Преступление без наказания

Наступила вековая годовщина геноцида армян — 24 апреля сто лет назад в Константинополе турецкие власти арестовали более 600 представителей духовенства и интеллигенции. Массовые депортации и убийства армян-подданных Османской империи продолжались до 1923 года — за это время погибло, по разным оценкам, до 1,5 миллионов человек. К памятному дню геноцид был признан 22-мя государствами — теперь к ним присоединились Австрия, Болгария и Германия.

На экраны тем временем вышел фильм Карина Ованнисяна и Алека Мухибяна «1915»: «Прочтение» рассказывает о нем и еще нескольких лентах, связанных с темой трагического преступления, следы которого еще долгие годы будут вести в будущее.
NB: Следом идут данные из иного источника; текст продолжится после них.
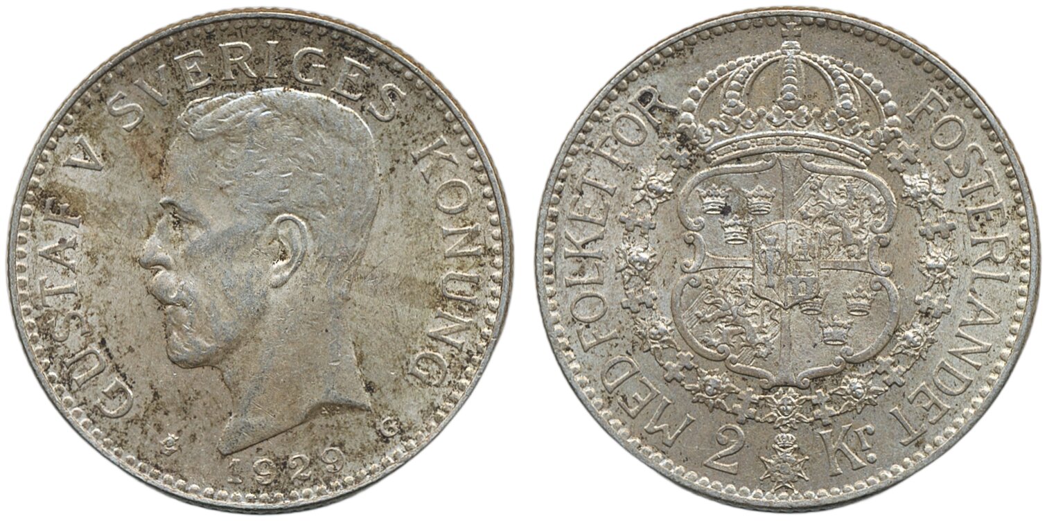 Coins, Sweden. Gustav V, MIS I.11, 2 kronor 1929. 01/0.

«1915» Карина Ованнисяна и Алека Мухибяна, 2015



Дебют американских журналистов армянского происхождения снимался несколько лет — за это время режиссеры успели пройтись (а когда и пробежаться) по разным жанровым направлениям. Неизвестно, как выглядел замысел картины поначалу, но в итоге она под музыку Сержа Танкяна развернулась где-то на стыке мистико-сюрреалистической семейной драмы и исторической трагедии. Это сочетание (скорее настораживающее, чем интригующее) оказалось эффектным и поистине эффективным — дело здесь не столько в противопоставлении частного и национального горя, сколько в столкновении нескольких реальностей: театральной, политической и бытовой.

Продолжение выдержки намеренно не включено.